> [RECORDED INFORMATION]:
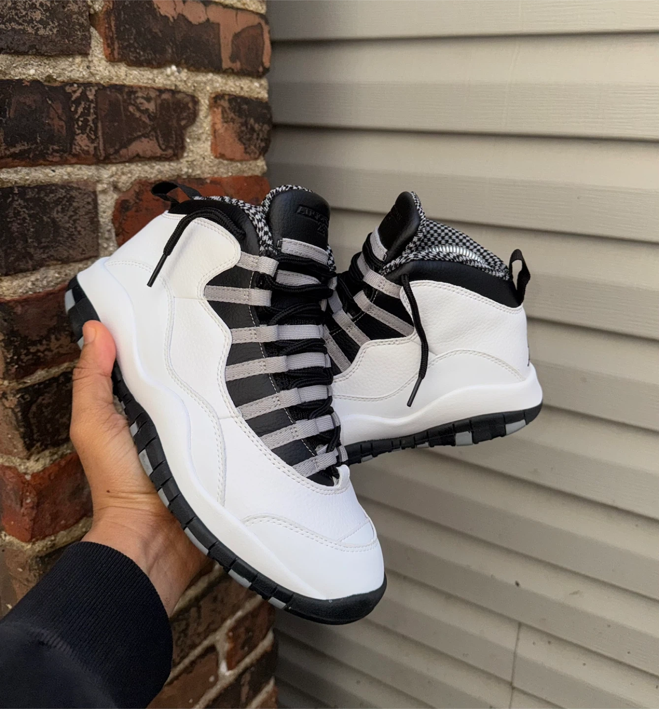 White leather Air Jordan 10 Retro sneakers in the "City Pack" colorway. Features black and grey striped accents, a checkered lining, and a durable rubber sole. These shoes are great for everyday wear and collecting!
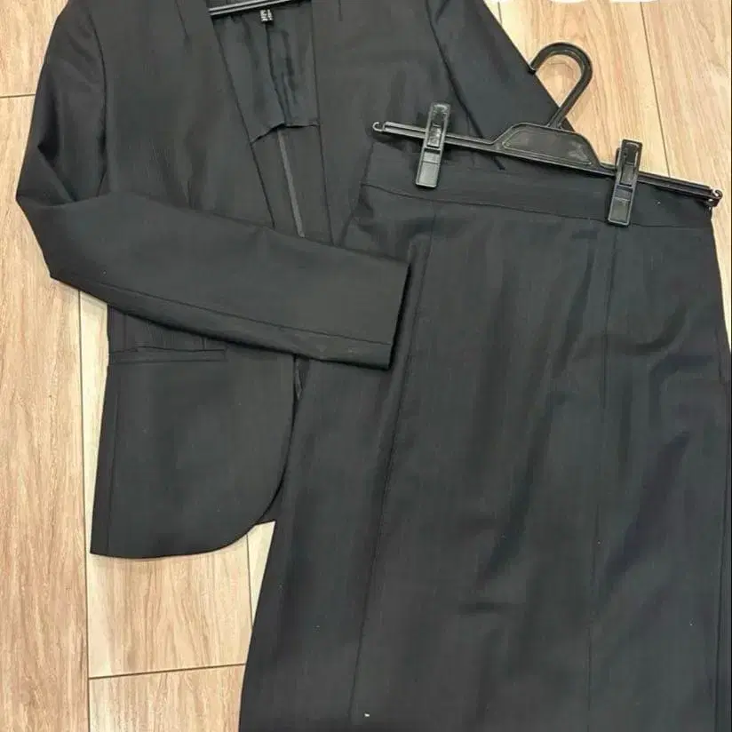 ICB 네이비 스트라이프 노카라 수트 자켓 스커트 5호
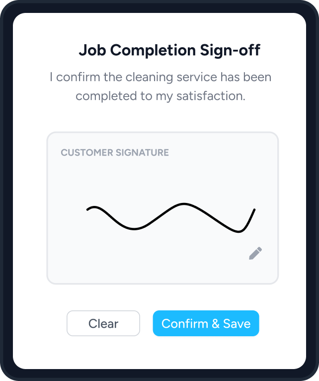 Get sign-off instantly. Collect customer signatures directly on your mobile or tablet upon job completion to confirm satisfaction.

> [WORK TO COMPLETE]: Each line of the listing is to be retyped exactly, and its pictures are to be dropped.

> [OUTPUT FOR THIS EXERCISE]:
 White leather Air Jordan 10 Retro sneakers in the "City Pack" colorway. Features black and grey striped accents, a checkered lining, and a durable rubber sole. These shoes are great for everyday wear and collecting!
 ICB 네이비 스트라이프 노카라 수트 자켓 스커트 5호
 Get sign-off instantly. Collect customer signatures directly on your mobile or tablet upon job completion to confirm satisfaction.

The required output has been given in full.